I tend to be of the school that thinks little girls should dress like little girls, and not like little porn stars. Likewise, I also harbor a certain disdain for women who try to dress like their teenage daughters. Although Amy Poehler did a pretty funny job of parodying it in Mean Girls.

I still can't believe we're having a girl. Today, we will get a closer look at her heart during a fetal echocardiogram. After monkey's experience, I guess our doctors are taking no chances. It's hard to believe something like that could remotely happen again, but I'll be relieved when the exam is over and she's gotten a clean bill of health.

Till then, I've held off on the shopping, mainly because I harbor irrational superstitions and fear courting the evil eye or tempting fate. But I have to say, it's getting pretty hard to resist the siren call of Baby Gap, Janie & Jack, and Hanna Anderson. And all those spring/summer dresses!

Jamba Junkie.

Saturday, April 01, 2006



Even as I handed him the styrofoam cup the first time, a voice in my head (the sanctimonious mommy voice - let's call her Donna) cried out - "Don't do it, think about all that sugar!" But, at that point, I was very interested in trying out new foods with the monkey.
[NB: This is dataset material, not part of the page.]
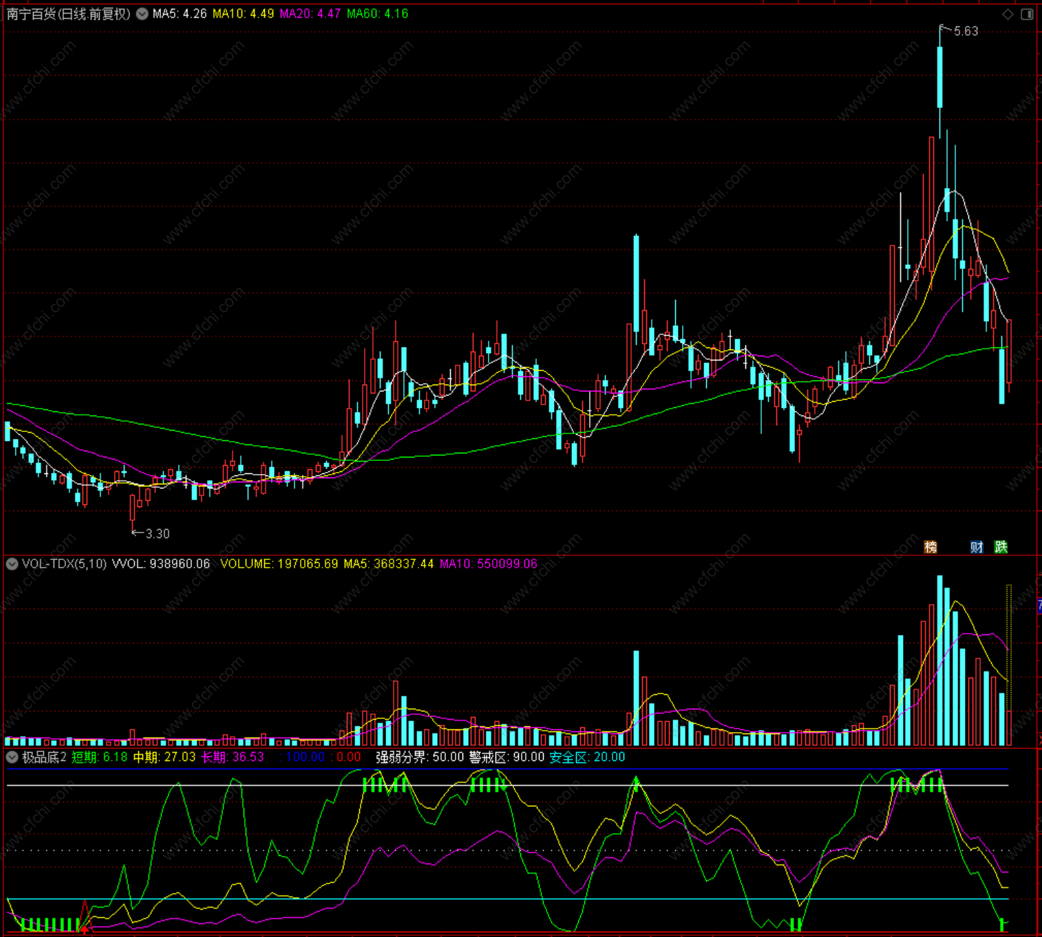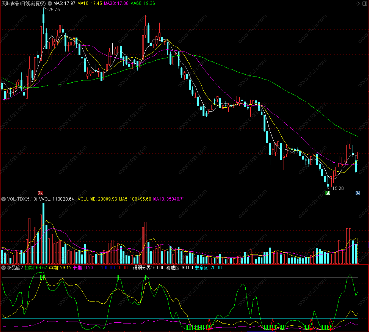 该指标适合有明显波段走势的个股,当底部出现白色小柱状线或者买入箭头预示阶段底部,后势上涨概率较大。

Never one to push form over substance, I figured jamba juice was basically a fruit smoothie. Maybe not fruit in the raw...or pureed fruit...or lovingly poached fruit made by all the award winning mommies out there. But heck, it was fruit-like. That had to count for something.

Naturally, monkey loved it. What's not to love about a $4.00 glass of sugar and fruity crack juice?
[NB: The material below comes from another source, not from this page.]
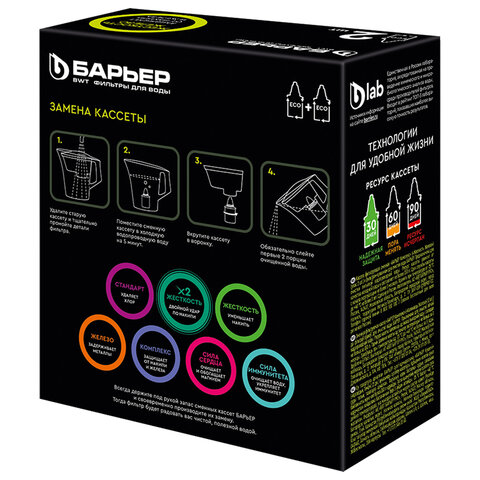 Сменная кассета для фильтра БАРЬЕР Жесткость Железо работает комплексно: снижает жесткость, которую мы привыкли встречать в жизни в виде накипи, удаляет из воды растворенное железо и неприятный металлический привкус, а также, как и все кассеты БАРЬЕР, очищает от хлора, тяжелых металлов и других вредных примесей. Результат – чистая вода без накипи, рыжеватого осадка и неприятного привкуса. Ресурс кассеты – 350 литров.

Fast forward to today's Whole Foods shopping trip. Monkey's eyes widen as we pass the Jamba Juice counter, and he begins reaching towards the shady looking dealers behind the bar.

"Go!"

I look down at him, frantically writhing in the shopping cart. Err..ok..let's "Go!"
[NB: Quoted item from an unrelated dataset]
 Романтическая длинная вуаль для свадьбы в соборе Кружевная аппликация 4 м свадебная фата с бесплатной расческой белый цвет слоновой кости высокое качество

10 minutes later, he already has the straw unwrapped and is sitting there twitching in anticipation. He watches me as I insert straw into cup and take a sip. I hand him the juice and he crams the straw down his gullet and begins sucking furiously. This continues as we head back to the car.

Thinking that it would be hazardous to leave the juice and straw with him in the car seat, I took it away for the ride home. Disaster. Screaming. The sounds of a heroin addict experiencing withdrawal. I handed him a sippy cup with some formula, and he grabbed it, much like a heroin addict accepting a methadone substitute. Not as good as the real thing, but hell, it will have to do.

Later, as I prepared monkey's bath, I put him in his crib for safe containment. His sugar high was at peak levels. Running from one end of the crib to the other, laughing hysterically, and babbling incoherent sounds - I watched him, amazed to witness a sugar high in the flesh. But for the walls of his cage/crib, there was no stopping him. His eyes glittered and his face cracked with a jamba induced grin. He collapsed, hugged himself, and rolled back and forth laughing like a loon.

Next time, I'll try it with the boost.



Like a crack head sucking on his pipe, the monkey inhales his jamba.



I swear, I'm going to kick tomorrow.



Don't even think about taking my jamba, bee-yotch.